Chinese E-Cigarettes reportedly spreading malware via USB
We know that perhaps E-Cigarettes are a better and healthier choice for smokers than normal ones, but a new report suggests that it may not be so healthy for your computer. E-cigs from China were apparently found be to manufactured to spread malicious software through their USB connection to PCs.
The Guardian draws on a recent report posted on social news site Reddit which cited that at least one E-Cigarette “vaper” at a “large corporation” has found himself the victim in trusting his e-cigarette manufacturer with his computer USB ports.
“One particular executive had a malware infection on his computer from which the source could not be determined. The executive’s system was patched up to date, had antivirus and anti-malware protection,” Reddit user Jrockilla writes. “Web logs were scoured and all attempts made to identify the source of the infection but to no avail. Finally after all traditional means of infection were covered, IT started looking into other possibilities.”
Further investigation revealed that the malware had stemmed from a $5 (£3.20) E-Cigarette bought from eBay. “The made in China e-cigarette had malware hardcoded into the charger, and when plugged into a computer’s USB port the malware phoned home and infected the system.”

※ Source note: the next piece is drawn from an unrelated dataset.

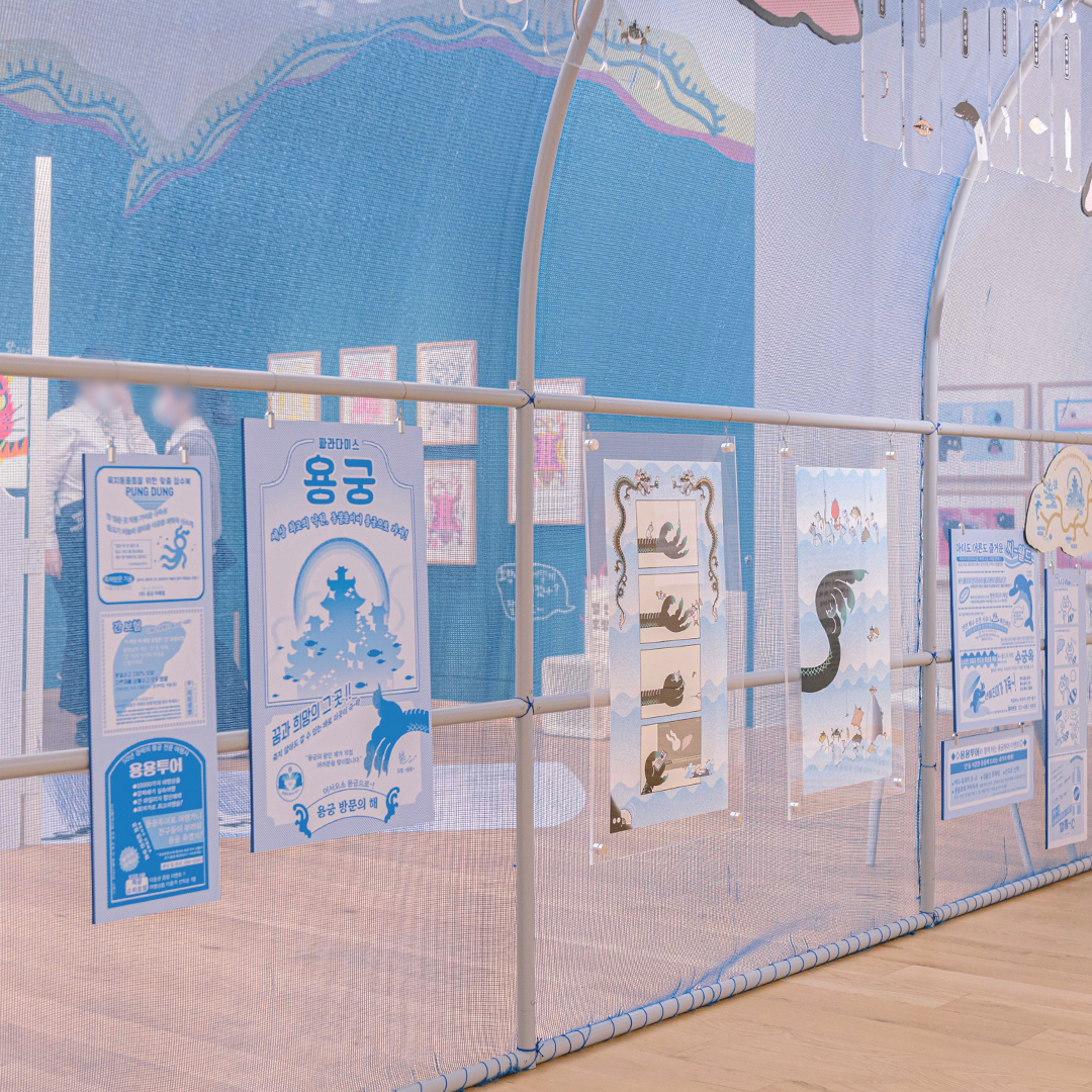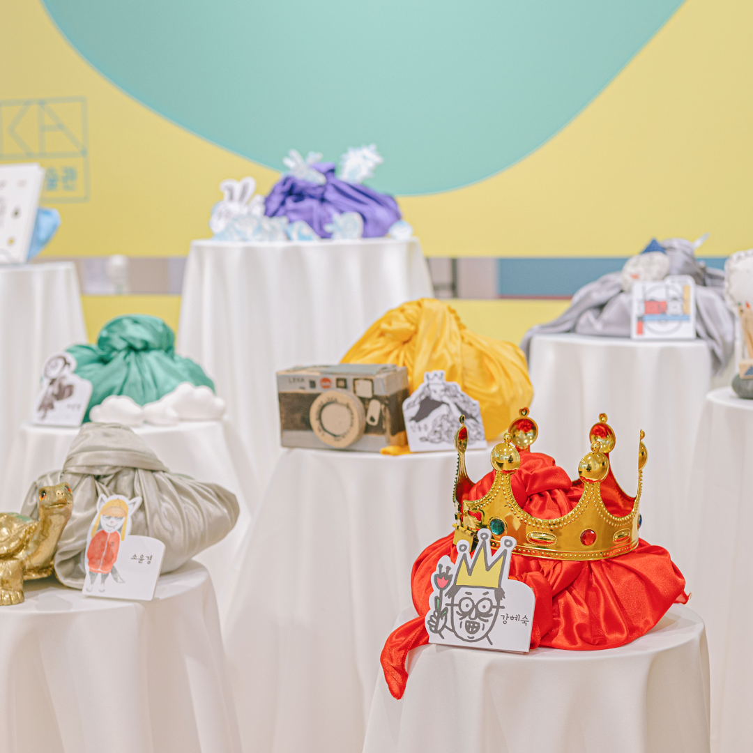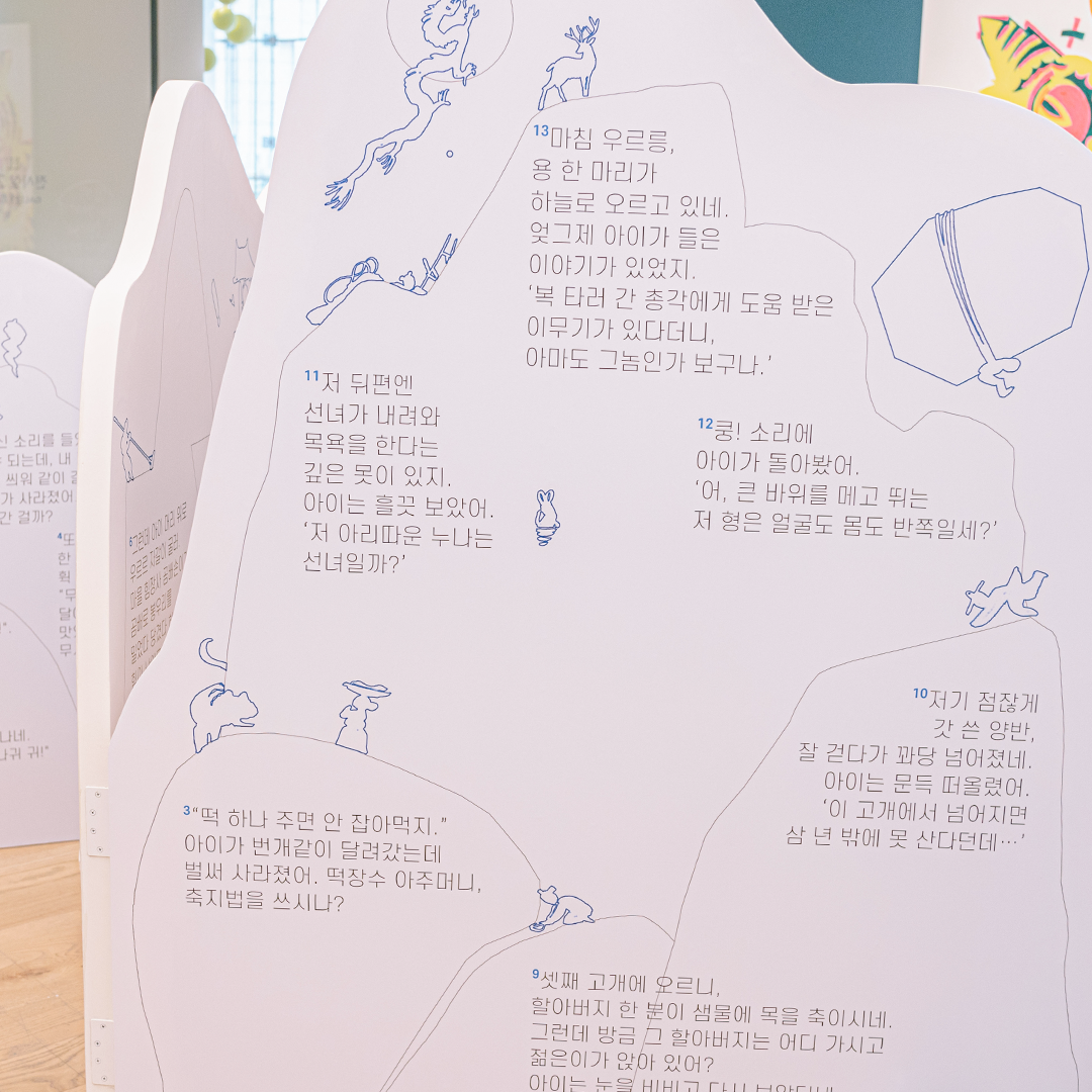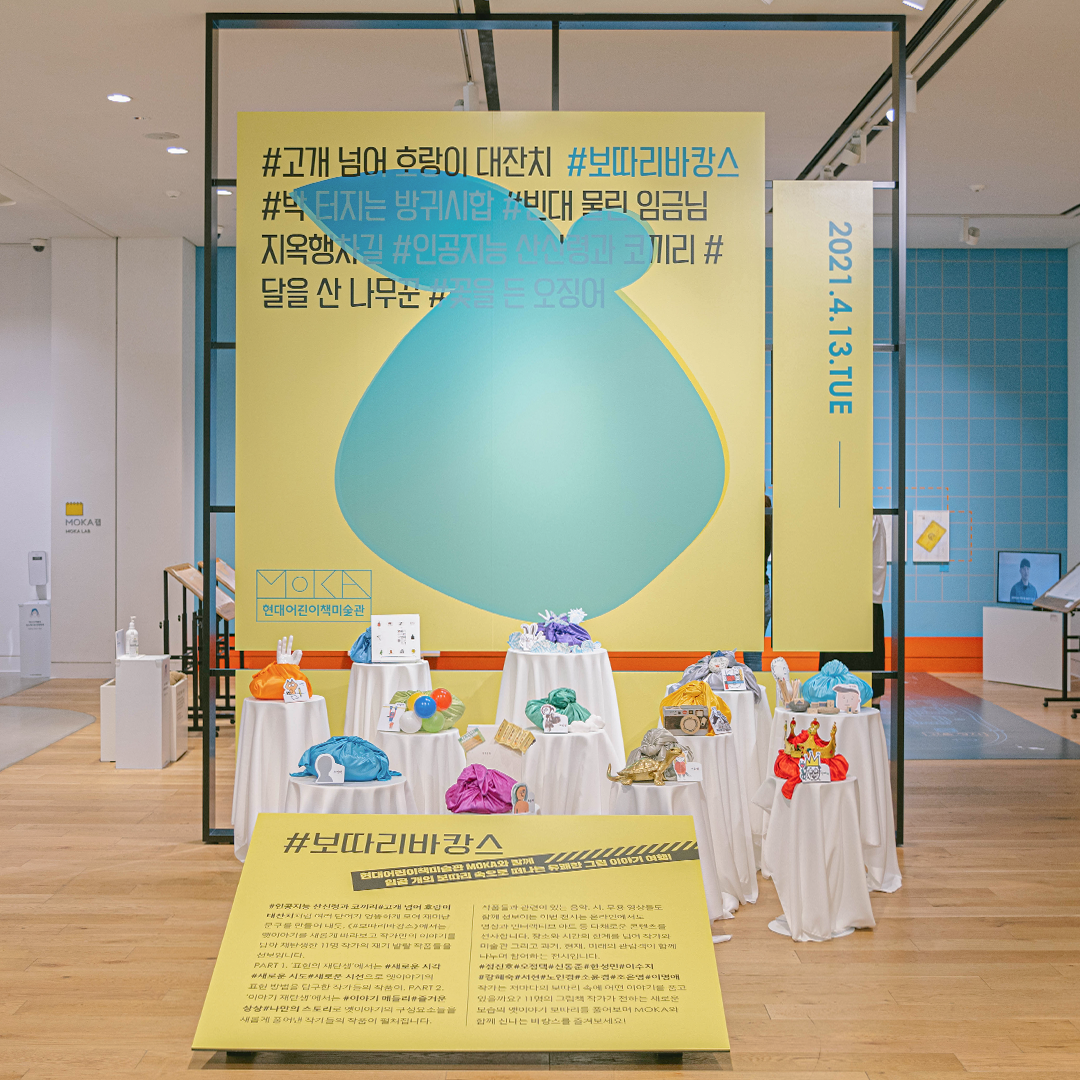 5층 ‘PART 1. 표현의 재탄생’에서는 옛이야기를 새로운 시각, 새로운 시도, 또는 새로운 시선으로 다시 바라보았어요. 그리고 6층 ‘PART 2. 이야기 재탄생’에서는 이야기를 이어 보거나 즐거운 상상을 더하기도 하고 나만의 스토리로도 엮어보았답니다. MOKA의 <#보따리바캉스> 전시에서는 작가들의 그림책에서 나온 작품들을 감상하는 것에서 더 나아가, 직접 그림책 작가가 되어 참여할 수 있는 코너들과 온라인 인터랙티브 아트까지 다양하게 꾸려져 있습니다. 그럼 모두 11명의 작가가 일곱 개의 보따리로 묶어 놓은 이야기들을 풀러 지금 가볼까요?

With E-Cigarettes being just the latest vector to serve the spread of malware, the incident raises more concerns over a recent proof-of-concept attacked called “BadUSB”, which exploits widely spread USB controller chips which have no protection from reprogramming at the hardware level.
Rik Ferguson, a security consultant for Trend Micro told The Guardian that “a very strong case can be made for enterprises disabling USB ports, or at least using device management to allow only authorised devices.” He added that “For consumers it’s a case of running up-to-date anti-malware for the production line stuff and only using trusted devices to counter the threat.”